## Dataset content
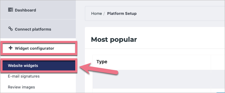 2. W menu po lewej stronie kliknij w Widget configurator i wybierz Website widgets.
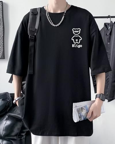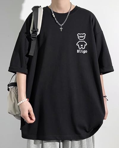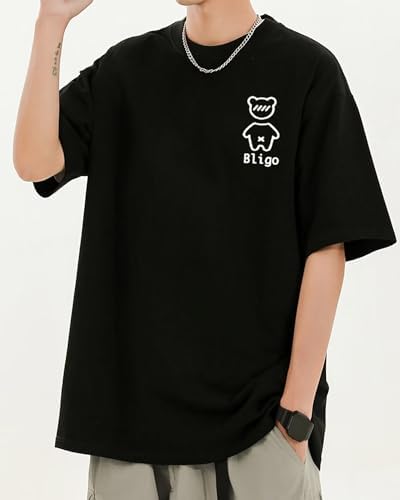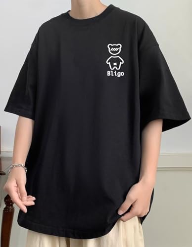Bligo Men's Short Sleeve T-Shirt, Cotton, Summer Clothing, Large Sizes, Bear Pattern, Cool, Loose, Cool, Popular, Front Print, Simple, Stylish, Popular, Solid, Silhouette, Fashion, Casual, Top, Soft,
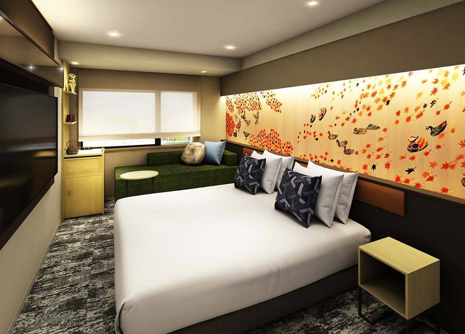 紅葉の意匠が美しく彩る、和の趣とモダンな快適さが融合した心安らぐ空間。

## Task requirements
Copy out the material above exactly; the images stay out.

## Solution to this exercise
 2. W menu po lewej stronie kliknij w Widget configurator i wybierz Website widgets.
Bligo Men's Short Sleeve T-Shirt, Cotton, Summer Clothing, Large Sizes, Bear Pattern, Cool, Loose, Cool, Popular, Front Print, Simple, Stylish, Popular, Solid, Silhouette, Fashion, Casual, Top, Soft,
 紅葉の意匠が美しく彩る、和の趣とモダンな快適さが融合した心安らぐ空間。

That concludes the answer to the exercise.